If you're a spammer, can you actually expect a lot of help?
 
2

2mb

David,
Why not just use one of the commercially available email harvesting
packages. Most are available for 19.99. If you are going to spam, it is better
to get your list built and operational as soon as possible, before more
legislation goes into effect.

Better yet, just kill the email servers by using a dictionary/shotgun approach.
You will either be killing web servers or email servers with your load.
May as well take the shortest distance. You can put some html banner in
there to populate your "good" list for the poor suckers that open it.

So much for opt-in eh?

Oh... that's right. The dictionary method could be
prosecuted as a DoS attack. The www site email harvest trick is much more
covert. Don't forget to set the User-agent request header so your script looks
like IE.

Got any Viagra? How about some pR0n? I could use some junk mail with more
of this. I only get 400+ a day. Fill it up dude. Maybe you should cross
post this question to 2-300 lists. That should get your spam-on for at
least a few minutes.

l8,
2mb
 
T

Trent Curry

John said:
Why is David named a spammer without any proof? Just for harvesting
30,000,000 webpages? There are so many legal things to use it for like
text analyses, language analyses, making an estimate of size,
analyzing
HTML tag use, analysing use of scripting, stylesheets etc.

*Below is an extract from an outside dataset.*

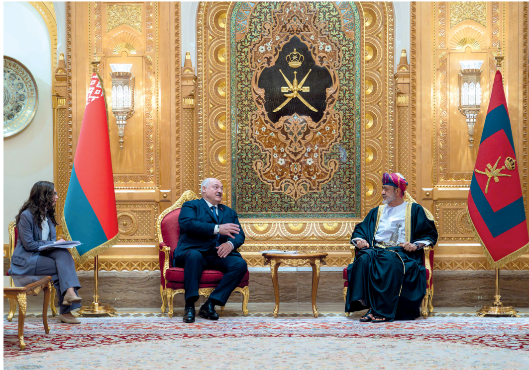
جلالة السلطان ورئيس جمهورية بيلاروس أثناء جلسة المباحثات الرسميّة بقصر العُلمِ العام

مسقط . العُمانيّة: بعثَ حضرةُ صاحبِ الجلالةِ السُلطانِ هيثمِ بنِ طارقِ المعظّم . حفظه اللهُ ورعاهُ . برقيّةً تهنئةً إلى أخيه جلالته الملك حمد بن عيسى آل خليفة ملك مملكة البحرين بمناسبة العيد الوطني لمملكة البحرين الشقيقة. أعربَ جلالتهُ السُلطانُ المعظّمُ من خلالها عن أطيّبِ تهانيه وصادقِ تمنياته الأخويّة لجلالة الملك بواقرِ الصحّة والسعادة ومديدِ العمر، مقرونة بالدعاء إلى الله تعالى أن يُعيدَ هذه المناسبةَ عليه وعلى الشعبِ البحريني الشقيق، وقد تحقّق له المزيدُ ممّا يصبو إليه من تقدّمٍ وازدهارٍ، ولعلاقاتِ البلديّين المتجدّرة النمو والارتقاء. كما هنأَ حضرةُ صاحبِ الجلالةِ السُلطانِ هيثمِ بنِ طارقِ المعظّم . حفظه اللهُ ورعاهُ . عبّرَ برقيّةً تهنئةً أخاهُ صاحبِ السموّ الشّيخِ مشعلِ الأحمدِ الجابرِ الصباحِ أميرَ دولةِ الكويت، بمناسبةِ ذكرى تولّي سُمُوهُ مقاليدِ الحكم. ضمّنها جلالتهُ السُلطانُ المعظّمُ أطيّبَ تهانيه وأصدّقَ تمنياته لأخيه سموّ الأمير، سائلًا اللهُ عزّ وجلّ أن يوفّقَ سُمُوهُ لتحقيقِ المزيدِ من الإنجازاتِ والتطوّراتِ في دولةِ الكويتِ الشقيقة، بما يُلبي تطلّعاتِ الشعبِ الكويتي وتحقّقِ المزيدِ ممّا يرنو إليه من ازدهارٍ ورخاءٍ، راجيًا لعلاقاتِ الشراكة والتعاون والتعاوُدِ اطرادَ التقدّمِ والنموّ.

Also, there are websites where one can download entire email databases
for free. I recently saw one. There was one file of 250 (!) MB. Also
files sorted based on country etc.

While I don't know if he is a spammer or not, you have pointed out a rather
ugly flaw in this group: too many people are too dang eager to jump to
conclusions and can easily be mistaken, like in a case like this (and
others), and end up condemning a person who was completely undeserving of
such treatment. In this particular case its easy to say he could be
harvesting emails, but, as spoken above, there is no proof of that.

On the spam note, there already is more and more legislation either going
into effect, already in effect, or pending. Little by little, the government
(or governmentS I should say, as other countries have not been sitting idle
either.) It's still a big problem; it's not easy to get away once you've
been tagged by a spammer, short of changing your email address. Still, I
really hope one day we wont have to worry about them anymore, and hopefully
its not just a | dream...
 
D

David Morel

John Bokma said:
Why is David named a spammer without any proof? Just for harvesting
30,000,000 webpages? There are so many legal things to use it for like
text analyses, language analyses, making an estimate of size, analyzing
HTML tag use, analysing use of scripting, stylesheets etc.

Hi all,

No, I am not a spammer. I'm more likely to be the next google.com than
the next spammer. The mere accusation is offensive to me.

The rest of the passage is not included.